* Aim of the task:
From the line containing "Sightseeing Paris. Im" to the final line of the entries, copy each line exactly. Pictures stay out.

* Input data:
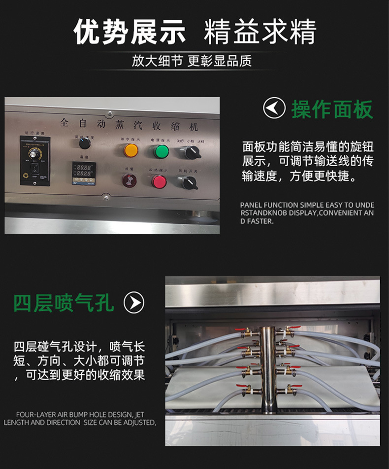 - 蒸汽能全方位接觸薄膜,使薄膜在收縮過程中各部位受熱均勻,形成的包裝外觀緊密、平整,能完美貼合在被包裝物品表面,有效防止灰塵、濕氣等進入包裝內(nèi)部。這對于包裝一些精密電子產(chǎn)品、高檔化妝品等對包裝外觀和保護性要求較高的產(chǎn)品尤為重要,能確保產(chǎn)品在時間,能確保產(chǎn)品在運輸和儲存過程中不受外界因素影響。
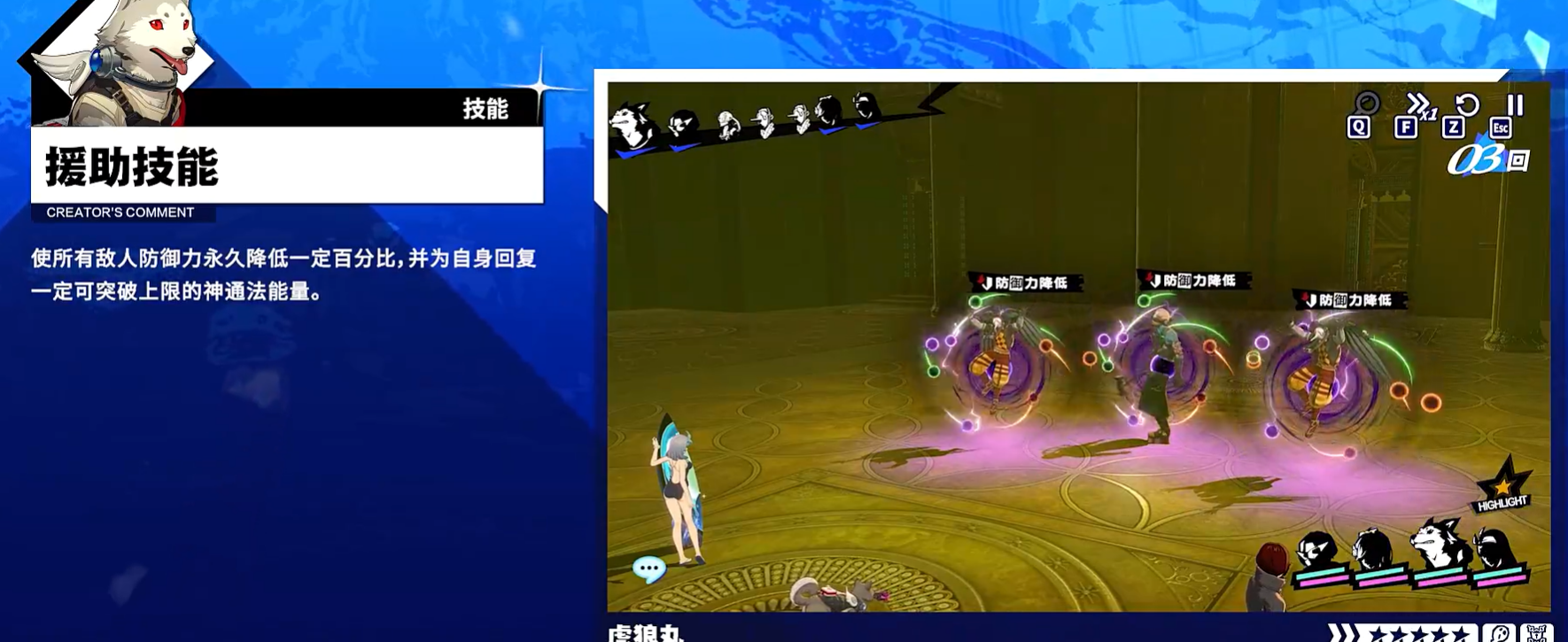 虎狼丸最核心的机制是,战斗开始时,要手动指定一名同伴当饲主,这个步骤不能省,选完之后,他会自动释放援助技能,之后就进入跟着饲主走的状态了。选不同类型的同伴效果还不一样,如果饲主是S.E.E.S.的队友,饲主可以直接通过援助技能栏里的指令,让虎狼丸放技能,而且这之后,饲主还能继续用自己的援助技能,相当于多出来一个操作空间。如果饲主不是S.E.E.S.的队友,那虎狼丸就会在饲主回合开始时,按照饲主的属性自动判断放哪个技能,这种情况下,就没那么多手动空间了,更偏向自动配合的感觉。虎狼丸虽然没有自己的回合,但他在饲主回合开始和结束的时候,该触发的效果还是会触发,所以这块不用担心会白白浪费掉。
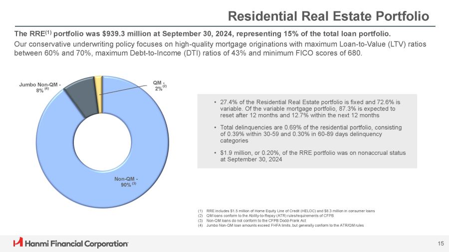 Residential Real Estate Portfolio QM - 2% (2) 15 Non - QM - 90% (3) Jumbo Non - QM - 8% (4) The RRE (1) portfolio was $939.3 million at September 30, 2024, representing 15% of the total loan portfolio. Our conservative underwriting policy focuses on high - quality mortgage originations with maximum Loan - to - Value (LTV) ratios between 60% and 70%, maximum Debt - to - Income (DTI) ratios of 43% and minimum FICO scores of 680. (1) RRE includes $1.5 million of Home Equity Line of Credit (HELOC) and $8.3 million in consumer loans (2) QM loans conform to the Ability - to - Repay (ATR) rules/requirements of CFPB (3) Non - QM loans do not conform to the CFPB Dodd - Frank Act (4) Jumbo Non - QM loan amounts exceed FHFA limits, but generally conform to the ATR/QM rules • 27.4% of the Residential Real Estate portfolio is fixed and 72.6% is variable. Of the variable mortgage portfolio, 87.3% is expected to reset after 12 months and 12.7% within the next 12 months • Total delinquencies are 0.69% of the residential portfolio, consisting of 0.39% within 30 - 59 and 0.30% in 60 - 89 days delinquency categories • $1.9 million, or 0.20%, of the RRE portfolio was on nonaccrual status at September 30, 2024
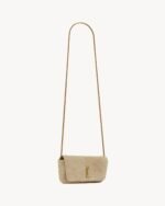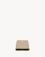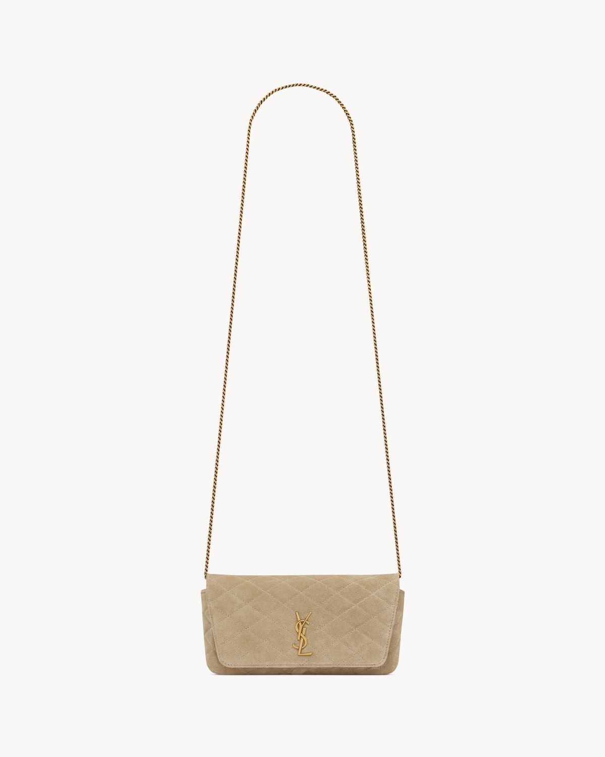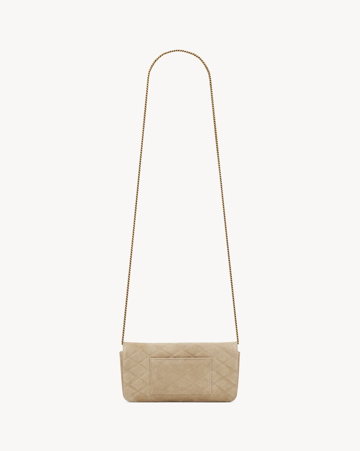 phone holder with front flap, decorated with the CASSANDRE and diamond-quilted overstitching, featuring a chain shoulder strap.
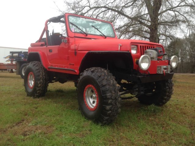 1989 Jeep with Iroc 305 tune port fuel injectionMotor. Custom Jeep!I just updated and following with new parts: New front and rear end with new Dana 44 4:10 gears. New rings, pinions, bearings, brakes. Front drive line. Fuel pump, water pump, fan clutch, thermostat,throttle sensor,u-joints,seats,starter soleinoid, exhaust,headers, wiring, and stereo. Spray liner inside and all underneath. Custom fenders hold up to 300lbseach. Air compressor under hood. Motor completely gone thru andsuper strong. Tires less than 2000 miles.Also has custom lights and warn winch. Tires38". Also soft top with hard doors
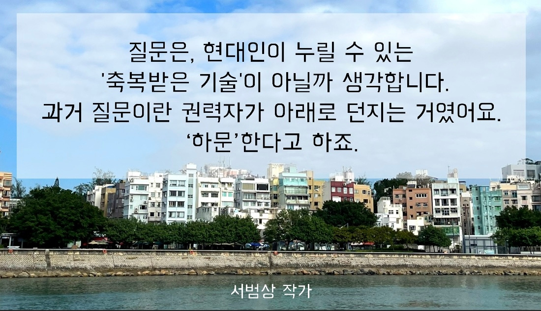 과거에 질문은 위에서부터 내려와 하문하는 것이 일반적인 형태였으나, 이제는 나이 권력 등 사람을 둘러싼 껍데기를 막론하고 할 수 있는 형태로 변했다. 심지어 챗GPT라는 간편한 질문의 대상도 하루가 다르게 거듭나고 있으니 질문을 하지 않을 이유가 없다. 이제는 질문에 대한 프레임을 다시금 정돈하고, 더 귀하게 활용해보려 한다.
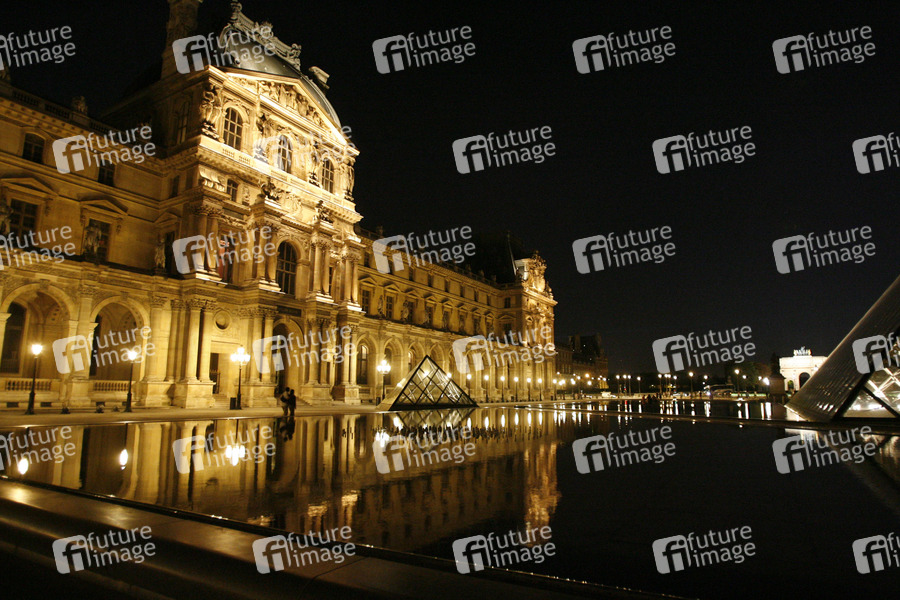 Sightseeing Paris. Im Innenhof des Louvre bei Nacht
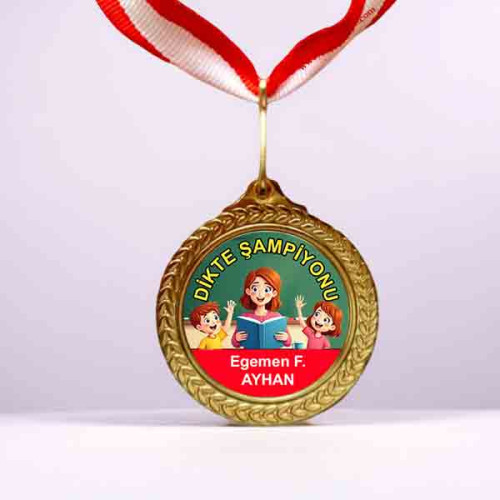 Etiketler: madalya, dikte, şampiyonu, okuma, yazma, başarı, öğrenci, isme özel, Türkçe, okul, ödül, altın madalya, kurdeleli
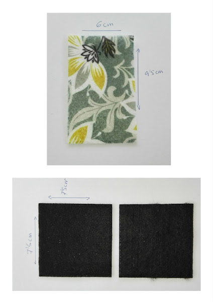 Para comenzar, marcamos en el fieltro la medida de las 3 partes ( una rectangular y dos cuadradas) que necesitamos para el montaje, y recortamos.
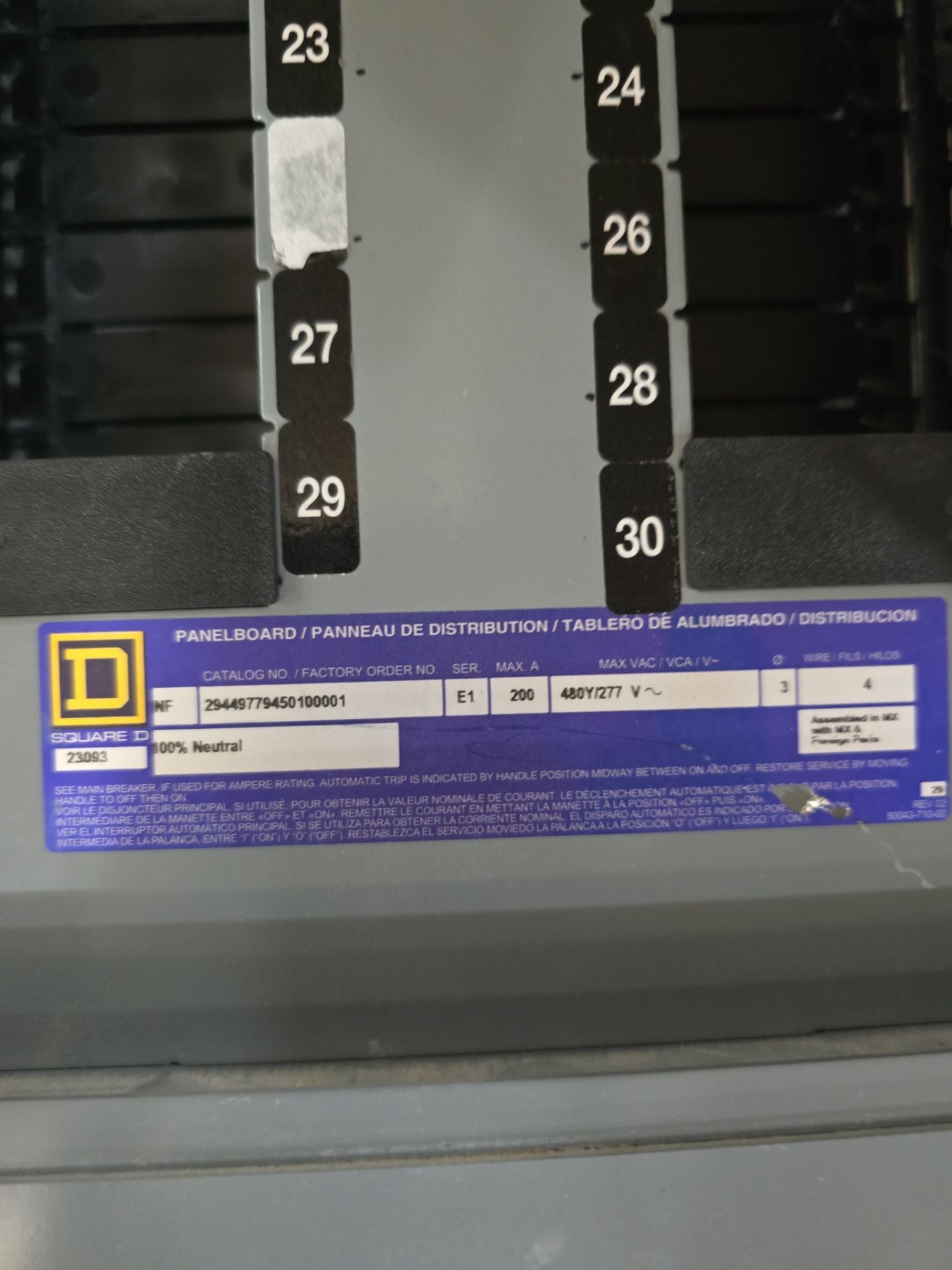 Square D NF Panelboard 200A 480/277V 3PH 4W 200 Amp Panel MLO 30 Circuit Indoor

* Written response:
 Sightseeing Paris. Im Innenhof des Louvre bei Nacht
 Etiketler: madalya, dikte, şampiyonu, okuma, yazma, başarı, öğrenci, isme özel, Türkçe, okul, ödül, altın madalya, kurdeleli
 Para comenzar, marcamos en el fieltro la medida de las 3 partes ( una rectangular y dos cuadradas) que necesitamos para el montaje, y recortamos.
 Square D NF Panelboard 200A 480/277V 3PH 4W 200 Amp Panel MLO 30 Circuit Indoor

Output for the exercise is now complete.